**Activity**
No picture should appear in the copy. Transcribe exactly, and only, the lines from the one with "Chủ tịch Quốc" through the last line of the data below.

:: Records for the exercise

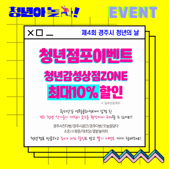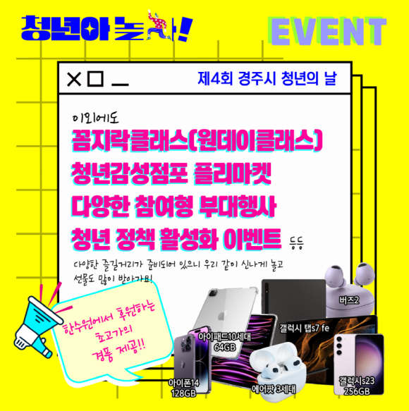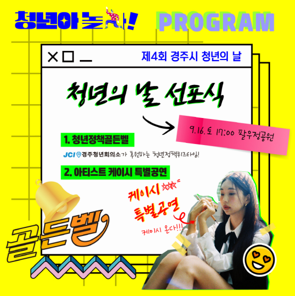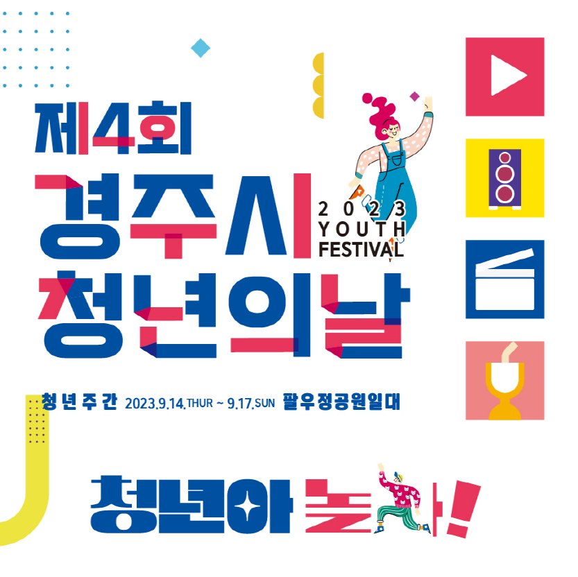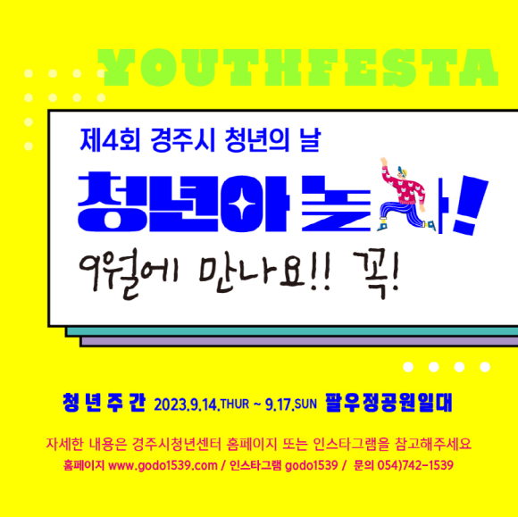 2023년 9월 14일 ~ 17일에 팔우정공원 일대에서 진행되는 경주시 청년의 날 행사입니다.
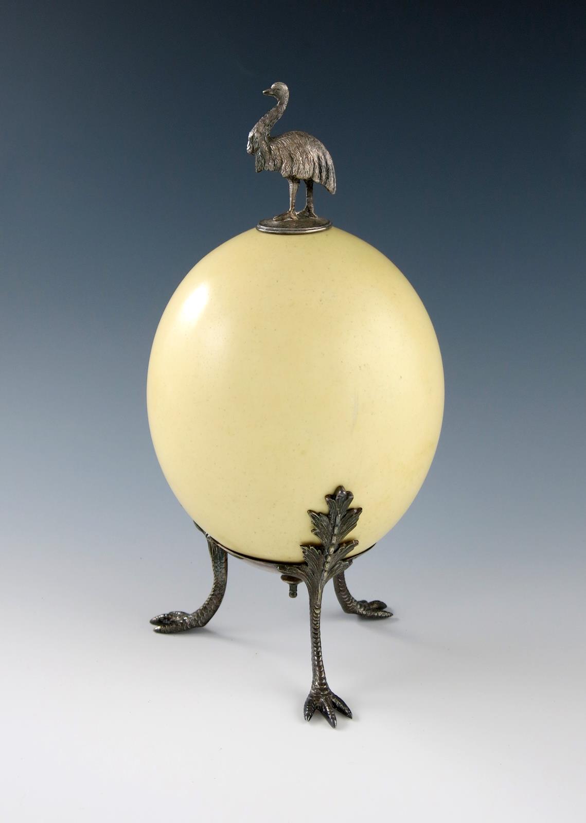 mounted with a standing emu, on three leaf capped claw feet, height 29cm.
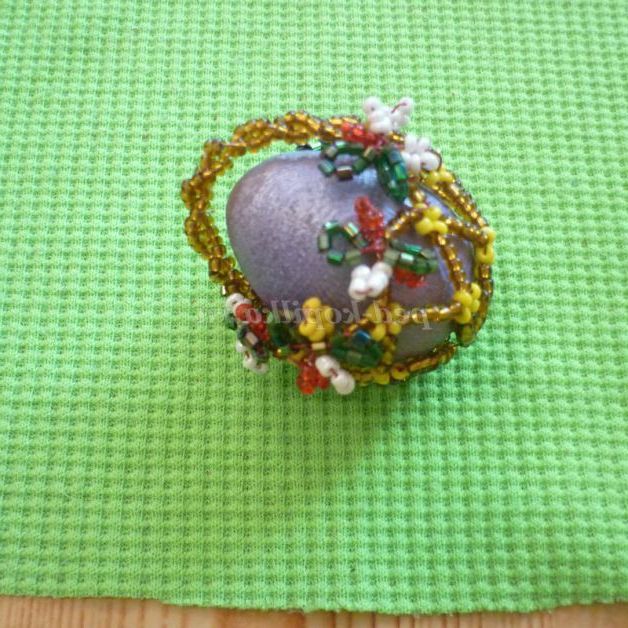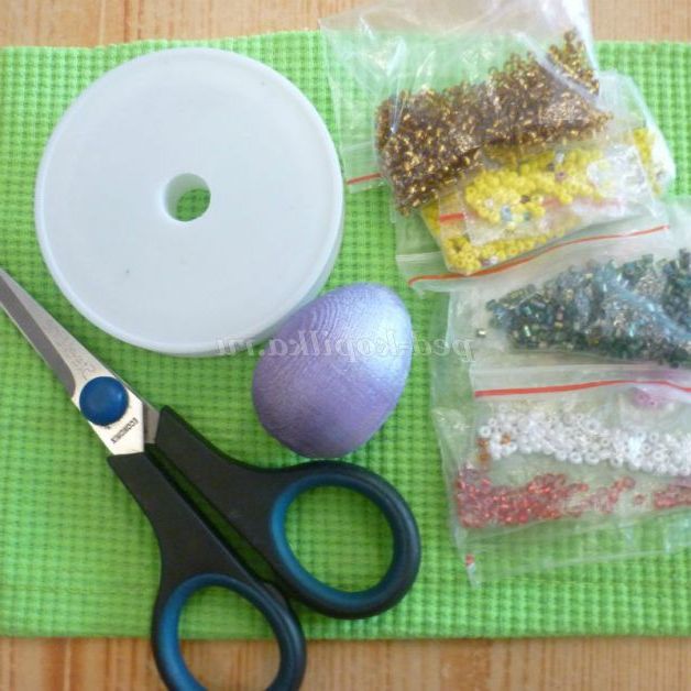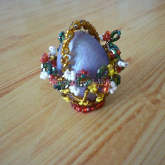 19.Яйцо в кошичку можна використовувати як для великоднього букета, так і як окремий сувенір. Для того, щоб додати стійкість кошичку сплетіть підставку у вигляді кільця з 15 великих бісеринок.
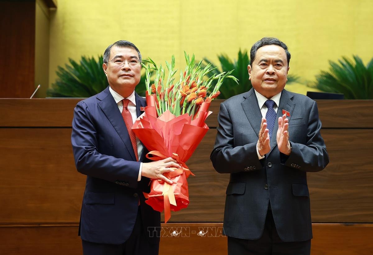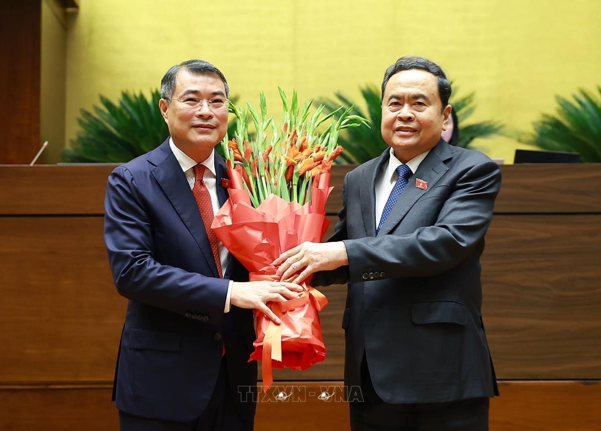 Chủ tịch Quốc hội Trần Thanh Mẫn thay mặt lãnh đạo Đảng, Nhà nước, Mặt trận Tổ quốc Việt Nam và Đại biểu Quốc hội khóa XVI tặng hoa chúc mừng Thủ tướng Chính phủ Lê Minh Hưng (7/4/2026). Ảnh: Dương Giang - TTXVN
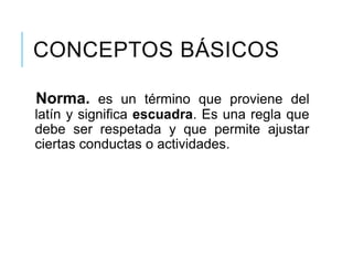 El documento describe los conceptos básicos de la gestión de calidad e ISO 9000. Explica que las normas son reglas que deben respetarse para ajustar actividades, y los estándares son especificaciones técnicas acordadas para asegurar que productos, procesos y servicios cumplan su propósito. También resume los principios de la gestión de calidad como el enfoque al cliente, liderazgo, participación del personal, y mejora continua.

::::

**Solution for this problem**
 Chủ tịch Quốc hội Trần Thanh Mẫn thay mặt lãnh đạo Đảng, Nhà nước, Mặt trận Tổ quốc Việt Nam và Đại biểu Quốc hội khóa XVI tặng hoa chúc mừng Thủ tướng Chính phủ Lê Minh Hưng (7/4/2026). Ảnh: Dương Giang - TTXVN
 El documento describe los conceptos básicos de la gestión de calidad e ISO 9000. Explica que las normas son reglas que deben respetarse para ajustar actividades, y los estándares son especificaciones técnicas acordadas para asegurar que productos, procesos y servicios cumplan su propósito. También resume los principios de la gestión de calidad como el enfoque al cliente, liderazgo, participación del personal, y mejora continua.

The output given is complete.